(Saved data entries)
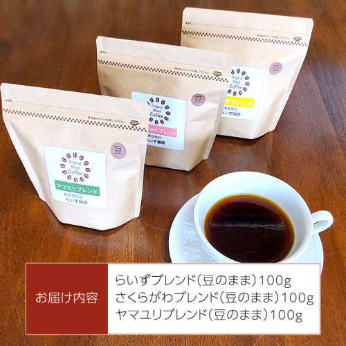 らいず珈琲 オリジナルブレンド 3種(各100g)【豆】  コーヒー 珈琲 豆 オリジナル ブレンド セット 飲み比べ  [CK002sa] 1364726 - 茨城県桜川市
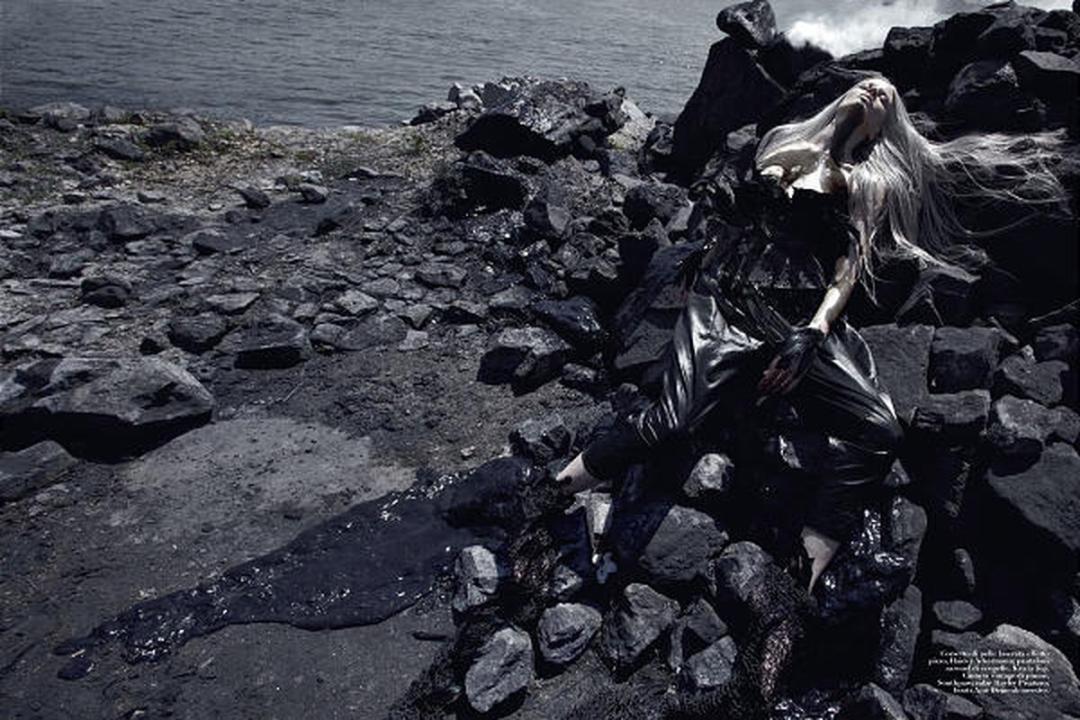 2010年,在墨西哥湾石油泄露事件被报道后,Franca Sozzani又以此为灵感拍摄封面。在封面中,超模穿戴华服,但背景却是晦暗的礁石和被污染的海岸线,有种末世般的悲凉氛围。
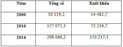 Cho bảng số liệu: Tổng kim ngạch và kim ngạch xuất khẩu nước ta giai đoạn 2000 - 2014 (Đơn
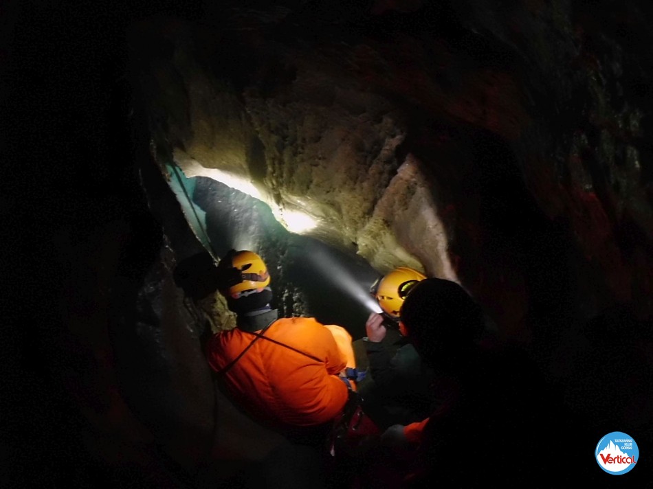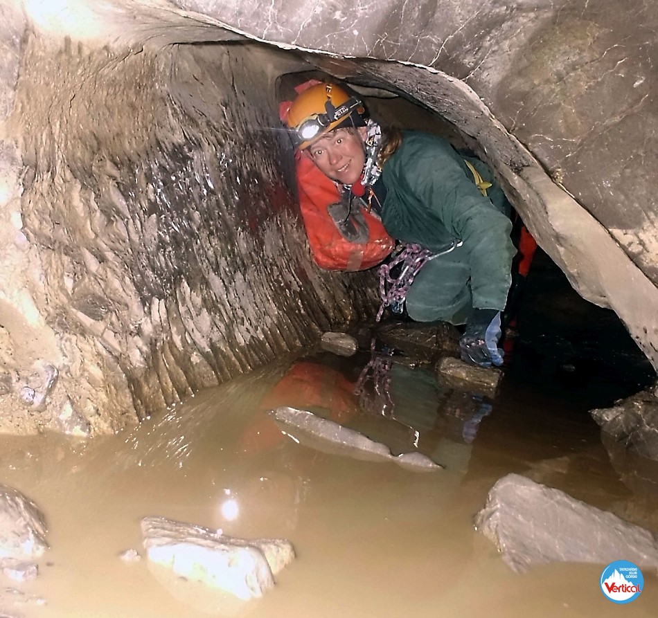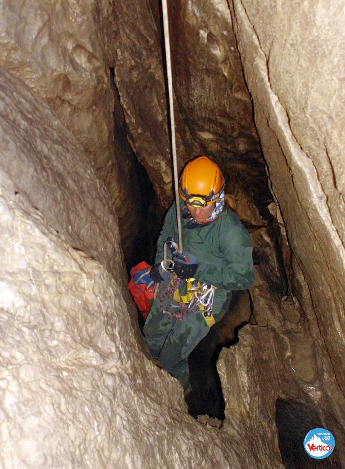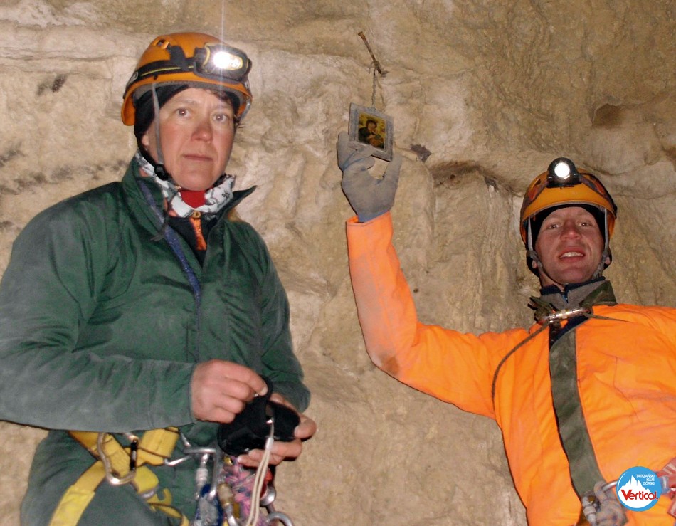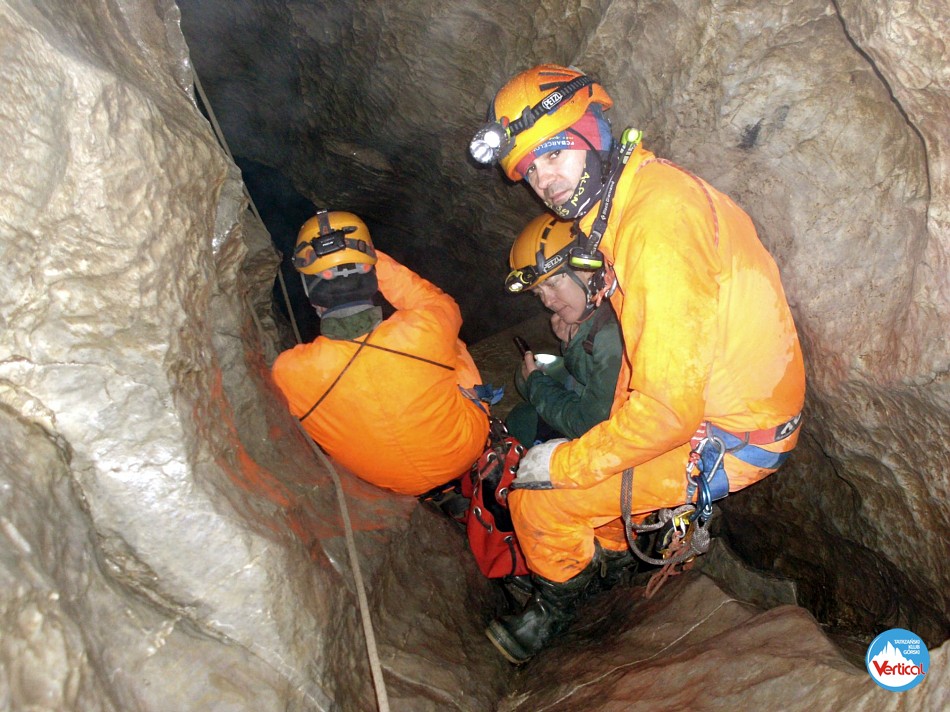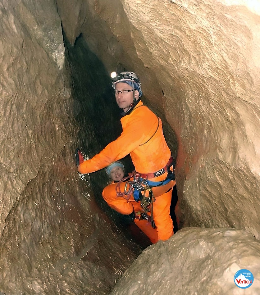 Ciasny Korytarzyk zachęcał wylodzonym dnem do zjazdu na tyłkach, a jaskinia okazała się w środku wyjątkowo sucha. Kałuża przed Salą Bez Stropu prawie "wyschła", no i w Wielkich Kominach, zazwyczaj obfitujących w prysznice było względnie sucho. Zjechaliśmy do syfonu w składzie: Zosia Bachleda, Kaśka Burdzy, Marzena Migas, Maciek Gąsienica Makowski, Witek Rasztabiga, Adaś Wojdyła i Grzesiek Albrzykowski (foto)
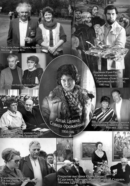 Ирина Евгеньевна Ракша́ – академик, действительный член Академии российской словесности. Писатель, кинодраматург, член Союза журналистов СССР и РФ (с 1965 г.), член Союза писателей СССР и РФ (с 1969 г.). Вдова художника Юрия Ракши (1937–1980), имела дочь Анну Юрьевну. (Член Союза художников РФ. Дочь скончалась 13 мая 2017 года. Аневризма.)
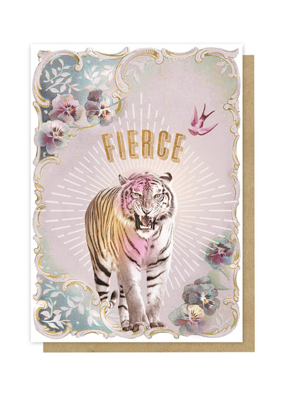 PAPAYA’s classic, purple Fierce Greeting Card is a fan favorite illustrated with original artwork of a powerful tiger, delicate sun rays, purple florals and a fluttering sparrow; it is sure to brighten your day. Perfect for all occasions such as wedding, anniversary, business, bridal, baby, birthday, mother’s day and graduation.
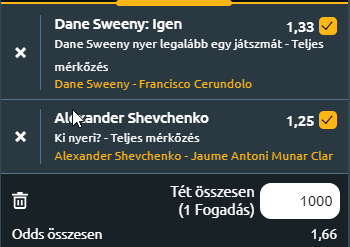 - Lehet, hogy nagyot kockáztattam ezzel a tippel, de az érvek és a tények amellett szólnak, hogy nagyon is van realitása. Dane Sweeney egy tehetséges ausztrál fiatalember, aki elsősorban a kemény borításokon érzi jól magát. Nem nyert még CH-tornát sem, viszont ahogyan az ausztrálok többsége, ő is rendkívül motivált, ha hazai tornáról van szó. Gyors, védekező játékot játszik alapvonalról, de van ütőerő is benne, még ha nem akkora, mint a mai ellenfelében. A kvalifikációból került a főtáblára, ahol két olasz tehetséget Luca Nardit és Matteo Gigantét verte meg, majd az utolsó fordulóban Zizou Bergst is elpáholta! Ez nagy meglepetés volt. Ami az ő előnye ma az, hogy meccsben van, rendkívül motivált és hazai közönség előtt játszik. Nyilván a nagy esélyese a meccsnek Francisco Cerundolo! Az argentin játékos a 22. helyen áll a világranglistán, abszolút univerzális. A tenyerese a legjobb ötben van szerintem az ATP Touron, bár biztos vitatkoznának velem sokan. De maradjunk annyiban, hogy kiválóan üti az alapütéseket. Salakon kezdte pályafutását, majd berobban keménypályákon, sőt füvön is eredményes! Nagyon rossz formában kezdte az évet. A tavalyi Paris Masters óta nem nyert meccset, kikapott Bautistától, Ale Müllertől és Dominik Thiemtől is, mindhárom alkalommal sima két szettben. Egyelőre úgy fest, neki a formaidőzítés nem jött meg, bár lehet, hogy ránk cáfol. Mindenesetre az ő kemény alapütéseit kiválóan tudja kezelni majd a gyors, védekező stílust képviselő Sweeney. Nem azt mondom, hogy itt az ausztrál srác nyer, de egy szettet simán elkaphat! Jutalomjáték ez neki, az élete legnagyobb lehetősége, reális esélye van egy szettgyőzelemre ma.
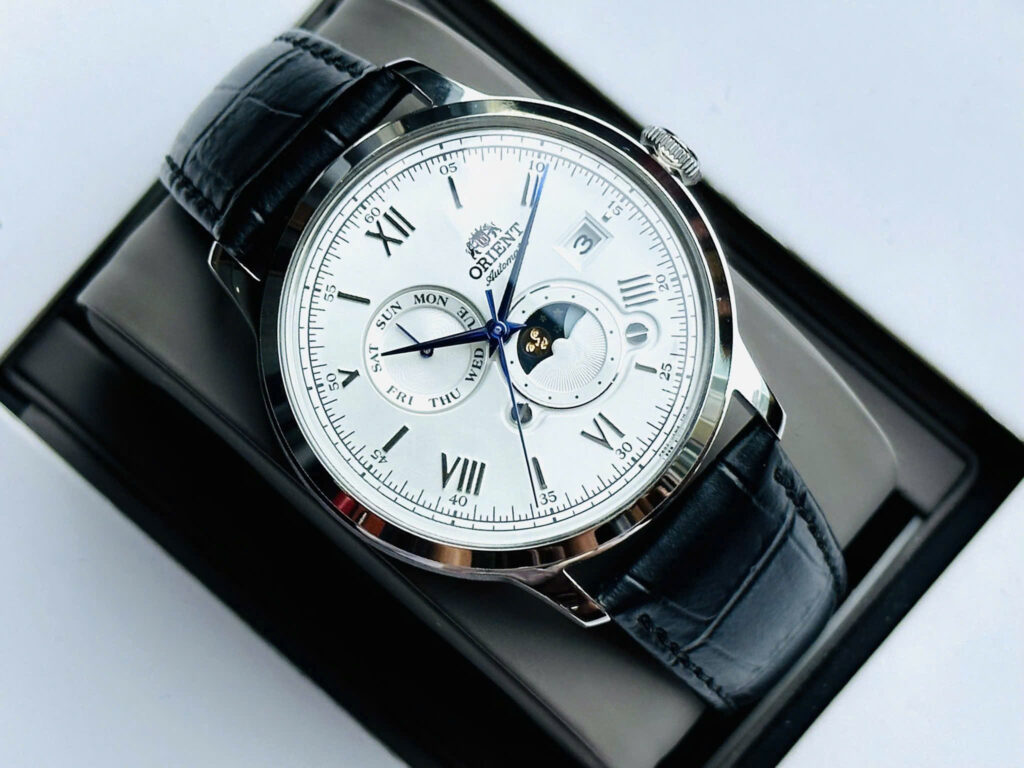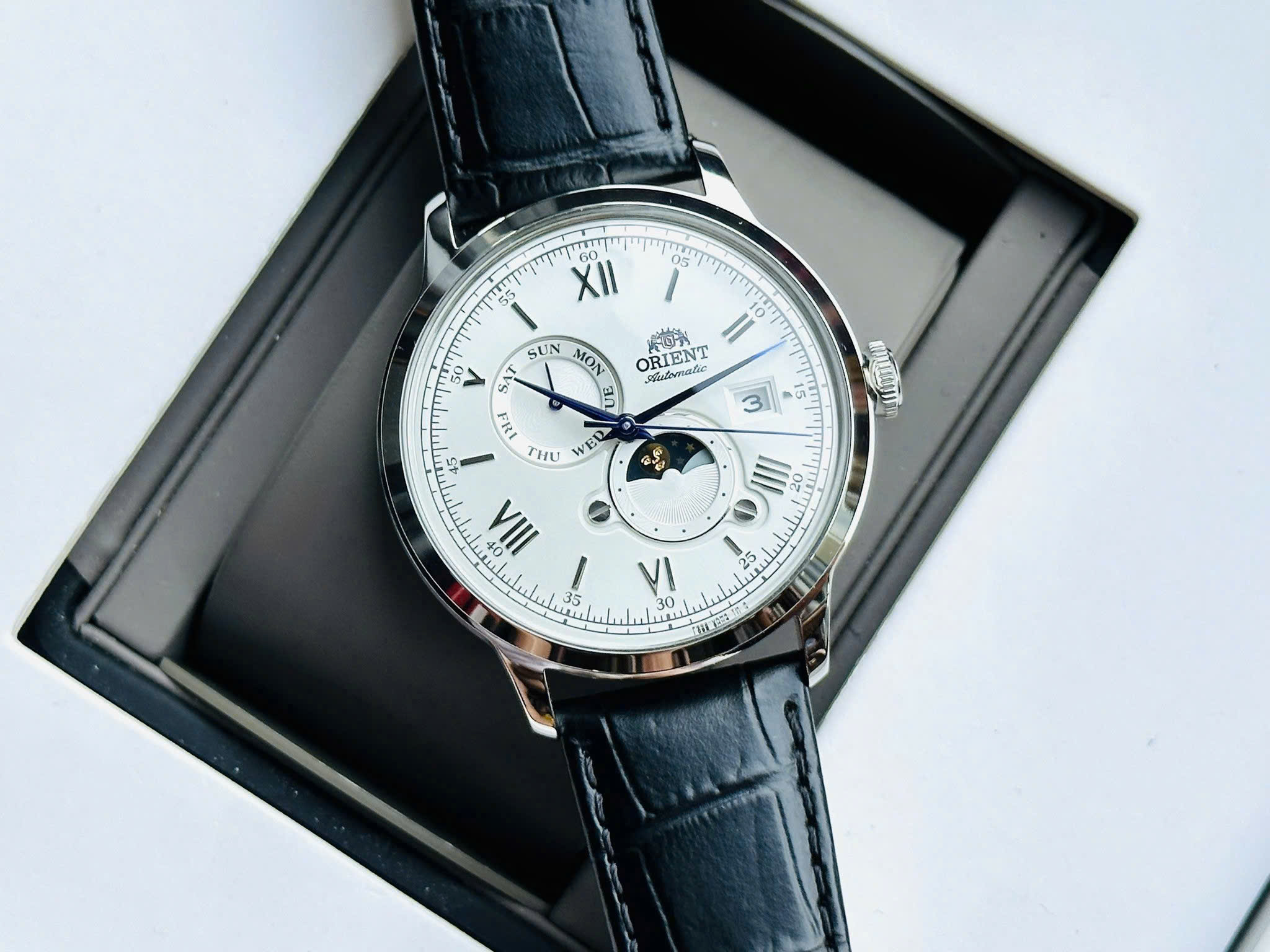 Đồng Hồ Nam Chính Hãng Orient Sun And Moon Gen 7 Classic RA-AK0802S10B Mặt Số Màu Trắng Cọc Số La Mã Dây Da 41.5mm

## What the task requires
Once the pictures are removed, print all the remaining data exactly as it stands.

## Final answer
 らいず珈琲 オリジナルブレンド 3種(各100g)【豆】  コーヒー 珈琲 豆 オリジナル ブレンド セット 飲み比べ  [CK002sa] 1364726 - 茨城県桜川市
 2010年,在墨西哥湾石油泄露事件被报道后,Franca Sozzani又以此为灵感拍摄封面。在封面中,超模穿戴华服,但背景却是晦暗的礁石和被污染的海岸线,有种末世般的悲凉氛围。
 Cho bảng số liệu: Tổng kim ngạch và kim ngạch xuất khẩu nước ta giai đoạn 2000 - 2014 (Đơn
 Ciasny Korytarzyk zachęcał wylodzonym dnem do zjazdu na tyłkach, a jaskinia okazała się w środku wyjątkowo sucha. Kałuża przed Salą Bez Stropu prawie "wyschła", no i w Wielkich Kominach, zazwyczaj obfitujących w prysznice było względnie sucho. Zjechaliśmy do syfonu w składzie: Zosia Bachleda, Kaśka Burdzy, Marzena Migas, Maciek Gąsienica Makowski, Witek Rasztabiga, Adaś Wojdyła i Grzesiek Albrzykowski (foto)
 Ирина Евгеньевна Ракша́ – академик, действительный член Академии российской словесности. Писатель, кинодраматург, член Союза журналистов СССР и РФ (с 1965 г.), член Союза писателей СССР и РФ (с 1969 г.). Вдова художника Юрия Ракши (1937–1980), имела дочь Анну Юрьевну. (Член Союза художников РФ. Дочь скончалась 13 мая 2017 года. Аневризма.)
 PAPAYA’s classic, purple Fierce Greeting Card is a fan favorite illustrated with original artwork of a powerful tiger, delicate sun rays, purple florals and a fluttering sparrow; it is sure to brighten your day. Perfect for all occasions such as wedding, anniversary, business, bridal, baby, birthday, mother’s day and graduation.
 - Lehet, hogy nagyot kockáztattam ezzel a tippel, de az érvek és a tények amellett szólnak, hogy nagyon is van realitása. Dane Sweeney egy tehetséges ausztrál fiatalember, aki elsősorban a kemény borításokon érzi jól magát. Nem nyert még CH-tornát sem, viszont ahogyan az ausztrálok többsége, ő is rendkívül motivált, ha hazai tornáról van szó. Gyors, védekező játékot játszik alapvonalról, de van ütőerő is benne, még ha nem akkora, mint a mai ellenfelében. A kvalifikációból került a főtáblára, ahol két olasz tehetséget Luca Nardit és Matteo Gigantét verte meg, majd az utolsó fordulóban Zizou Bergst is elpáholta! Ez nagy meglepetés volt. Ami az ő előnye ma az, hogy meccsben van, rendkívül motivált és hazai közönség előtt játszik. Nyilván a nagy esélyese a meccsnek Francisco Cerundolo! Az argentin játékos a 22. helyen áll a világranglistán, abszolút univerzális. A tenyerese a legjobb ötben van szerintem az ATP Touron, bár biztos vitatkoznának velem sokan. De maradjunk annyiban, hogy kiválóan üti az alapütéseket. Salakon kezdte pályafutását, majd berobban keménypályákon, sőt füvön is eredményes! Nagyon rossz formában kezdte az évet. A tavalyi Paris Masters óta nem nyert meccset, kikapott Bautistától, Ale Müllertől és Dominik Thiemtől is, mindhárom alkalommal sima két szettben. Egyelőre úgy fest, neki a formaidőzítés nem jött meg, bár lehet, hogy ránk cáfol. Mindenesetre az ő kemény alapütéseit kiválóan tudja kezelni majd a gyors, védekező stílust képviselő Sweeney. Nem azt mondom, hogy itt az ausztrál srác nyer, de egy szettet simán elkaphat! Jutalomjáték ez neki, az élete legnagyobb lehetősége, reális esélye van egy szettgyőzelemre ma.
 Đồng Hồ Nam Chính Hãng Orient Sun And Moon Gen 7 Classic RA-AK0802S10B Mặt Số Màu Trắng Cọc Số La Mã Dây Da 41.5mm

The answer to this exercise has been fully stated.